[Source records]
-- Opening Marker --

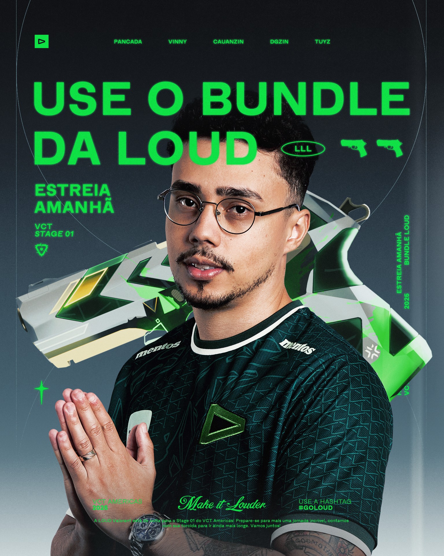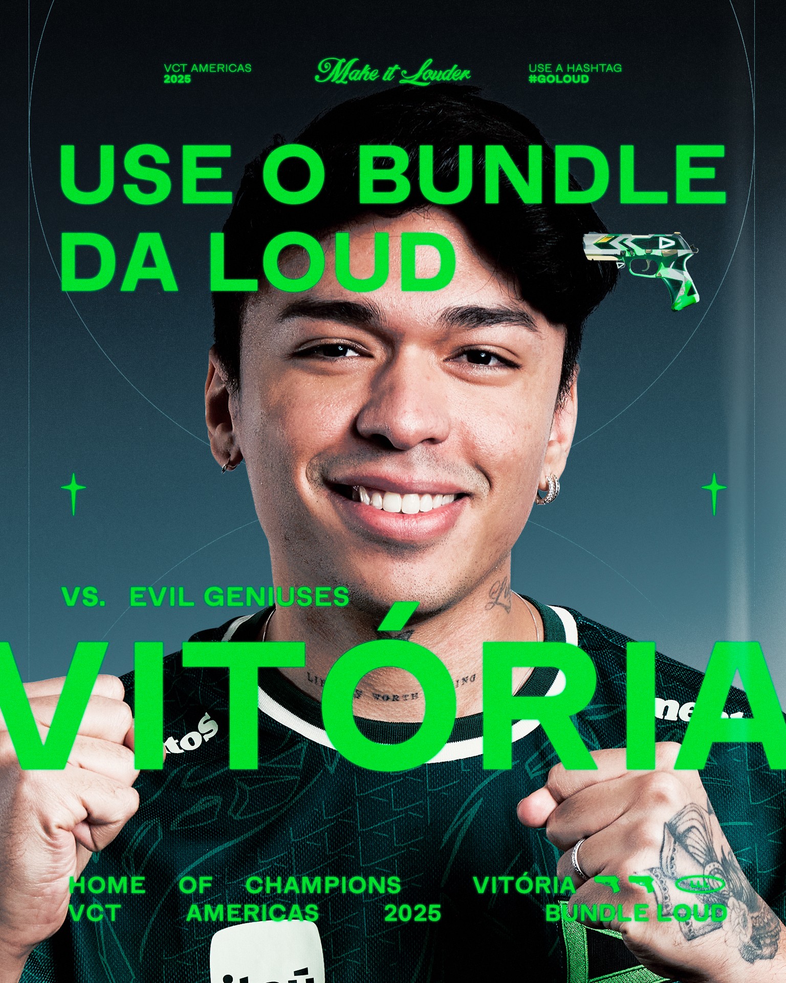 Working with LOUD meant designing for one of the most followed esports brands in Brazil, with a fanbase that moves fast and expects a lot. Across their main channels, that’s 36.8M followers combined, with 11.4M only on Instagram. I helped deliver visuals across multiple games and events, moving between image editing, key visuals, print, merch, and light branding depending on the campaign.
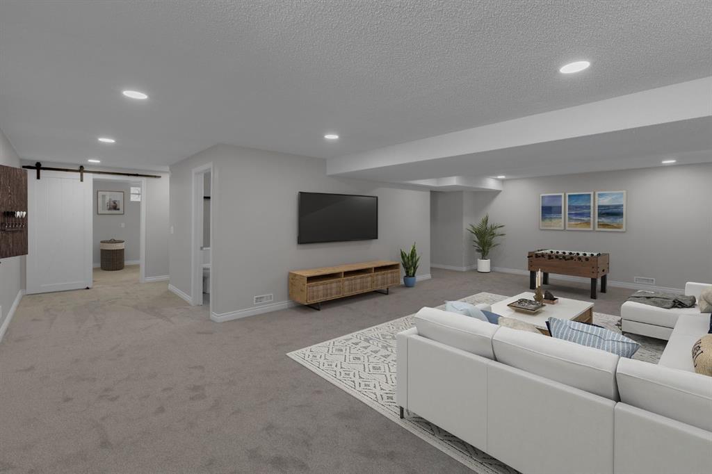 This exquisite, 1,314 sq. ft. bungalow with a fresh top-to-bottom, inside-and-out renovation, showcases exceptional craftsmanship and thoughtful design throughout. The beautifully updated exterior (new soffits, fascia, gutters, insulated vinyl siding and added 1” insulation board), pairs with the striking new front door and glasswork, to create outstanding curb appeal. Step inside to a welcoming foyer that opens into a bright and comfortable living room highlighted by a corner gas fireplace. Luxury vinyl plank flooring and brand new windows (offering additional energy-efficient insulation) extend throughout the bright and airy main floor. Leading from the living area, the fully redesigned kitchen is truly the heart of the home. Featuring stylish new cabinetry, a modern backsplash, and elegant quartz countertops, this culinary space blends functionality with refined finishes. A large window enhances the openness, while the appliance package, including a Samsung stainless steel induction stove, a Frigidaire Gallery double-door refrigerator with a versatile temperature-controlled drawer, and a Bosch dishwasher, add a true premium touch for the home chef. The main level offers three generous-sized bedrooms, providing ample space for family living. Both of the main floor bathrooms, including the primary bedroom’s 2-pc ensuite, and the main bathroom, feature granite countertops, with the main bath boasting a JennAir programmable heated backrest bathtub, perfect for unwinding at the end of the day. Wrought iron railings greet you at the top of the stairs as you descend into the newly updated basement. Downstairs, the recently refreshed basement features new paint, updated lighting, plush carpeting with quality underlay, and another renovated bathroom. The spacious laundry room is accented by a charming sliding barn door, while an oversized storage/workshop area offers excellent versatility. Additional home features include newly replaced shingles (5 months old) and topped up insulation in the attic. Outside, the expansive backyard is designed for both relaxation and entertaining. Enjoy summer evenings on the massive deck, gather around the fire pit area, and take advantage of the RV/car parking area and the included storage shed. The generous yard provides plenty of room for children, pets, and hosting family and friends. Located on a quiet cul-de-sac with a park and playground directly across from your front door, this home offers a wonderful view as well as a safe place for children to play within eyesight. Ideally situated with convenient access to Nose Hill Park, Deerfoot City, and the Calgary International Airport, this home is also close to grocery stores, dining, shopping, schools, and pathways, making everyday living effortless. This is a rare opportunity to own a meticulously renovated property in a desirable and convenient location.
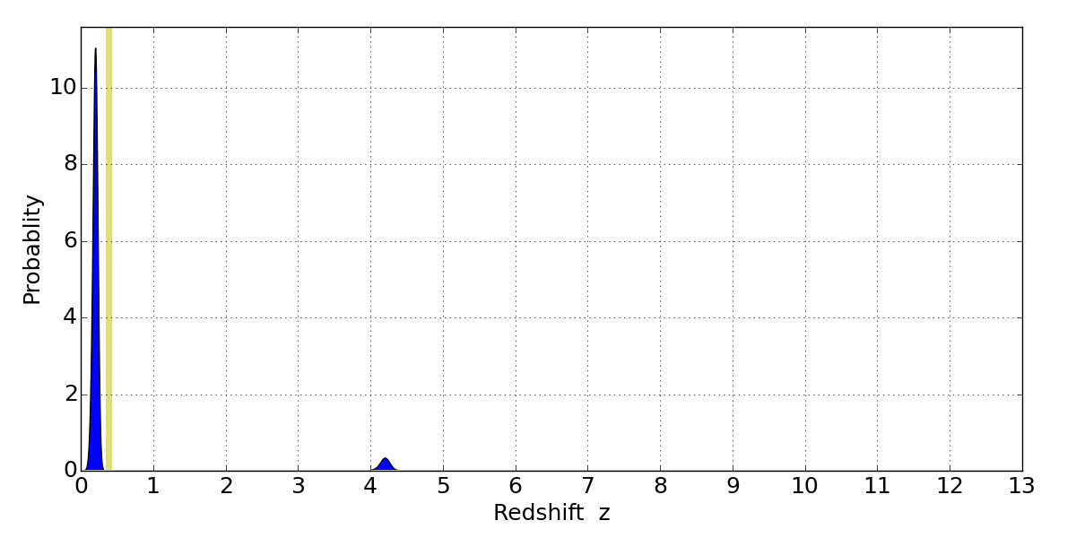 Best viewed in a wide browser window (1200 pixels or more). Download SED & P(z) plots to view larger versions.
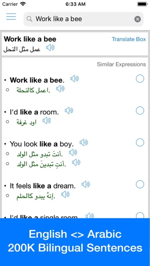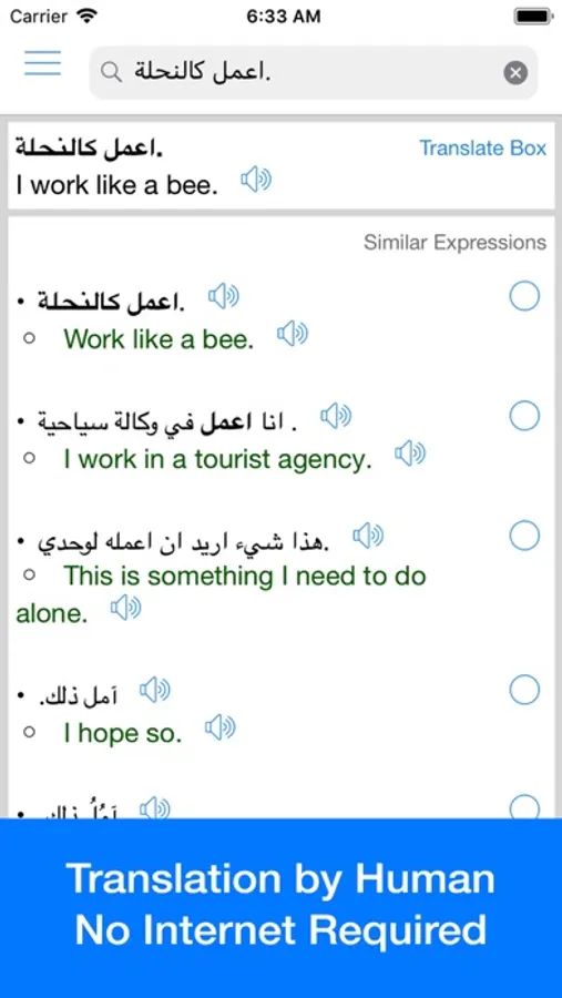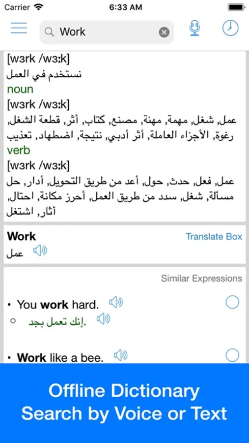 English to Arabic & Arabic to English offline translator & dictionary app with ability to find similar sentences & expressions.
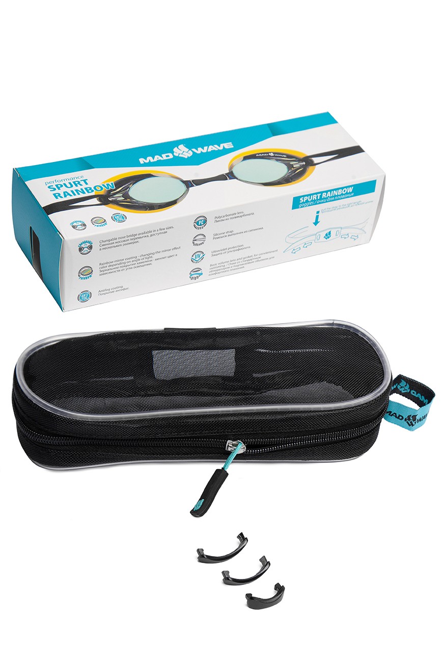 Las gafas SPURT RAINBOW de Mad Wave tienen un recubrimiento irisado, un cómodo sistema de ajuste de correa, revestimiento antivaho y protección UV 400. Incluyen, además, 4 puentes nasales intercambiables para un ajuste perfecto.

-- Closing Marker --

REQUIRED WORK |
Pictures aside, write out all of the records exactly.

FINISHED TASK |
 Working with LOUD meant designing for one of the most followed esports brands in Brazil, with a fanbase that moves fast and expects a lot. Across their main channels, that’s 36.8M followers combined, with 11.4M only on Instagram. I helped deliver visuals across multiple games and events, moving between image editing, key visuals, print, merch, and light branding depending on the campaign.
 This exquisite, 1,314 sq. ft. bungalow with a fresh top-to-bottom, inside-and-out renovation, showcases exceptional craftsmanship and thoughtful design throughout. The beautifully updated exterior (new soffits, fascia, gutters, insulated vinyl siding and added 1” insulation board), pairs with the striking new front door and glasswork, to create outstanding curb appeal. Step inside to a welcoming foyer that opens into a bright and comfortable living room highlighted by a corner gas fireplace. Luxury vinyl plank flooring and brand new windows (offering additional energy-efficient insulation) extend throughout the bright and airy main floor. Leading from the living area, the fully redesigned kitchen is truly the heart of the home. Featuring stylish new cabinetry, a modern backsplash, and elegant quartz countertops, this culinary space blends functionality with refined finishes. A large window enhances the openness, while the appliance package, including a Samsung stainless steel induction stove, a Frigidaire Gallery double-door refrigerator with a versatile temperature-controlled drawer, and a Bosch dishwasher, add a true premium touch for the home chef. The main level offers three generous-sized bedrooms, providing ample space for family living. Both of the main floor bathrooms, including the primary bedroom’s 2-pc ensuite, and the main bathroom, feature granite countertops, with the main bath boasting a JennAir programmable heated backrest bathtub, perfect for unwinding at the end of the day. Wrought iron railings greet you at the top of the stairs as you descend into the newly updated basement. Downstairs, the recently refreshed basement features new paint, updated lighting, plush carpeting with quality underlay, and another renovated bathroom. The spacious laundry room is accented by a charming sliding barn door, while an oversized storage/workshop area offers excellent versatility. Additional home features include newly replaced shingles (5 months old) and topped up insulation in the attic. Outside, the expansive backyard is designed for both relaxation and entertaining. Enjoy summer evenings on the massive deck, gather around the fire pit area, and take advantage of the RV/car parking area and the included storage shed. The generous yard provides plenty of room for children, pets, and hosting family and friends. Located on a quiet cul-de-sac with a park and playground directly across from your front door, this home offers a wonderful view as well as a safe place for children to play within eyesight. Ideally situated with convenient access to Nose Hill Park, Deerfoot City, and the Calgary International Airport, this home is also close to grocery stores, dining, shopping, schools, and pathways, making everyday living effortless. This is a rare opportunity to own a meticulously renovated property in a desirable and convenient location.
 Best viewed in a wide browser window (1200 pixels or more). Download SED & P(z) plots to view larger versions.
 English to Arabic & Arabic to English offline translator & dictionary app with ability to find similar sentences & expressions.
 Las gafas SPURT RAINBOW de Mad Wave tienen un recubrimiento irisado, un cómodo sistema de ajuste de correa, revestimiento antivaho y protección UV 400. Incluyen, además, 4 puentes nasales intercambiables para un ajuste perfecto.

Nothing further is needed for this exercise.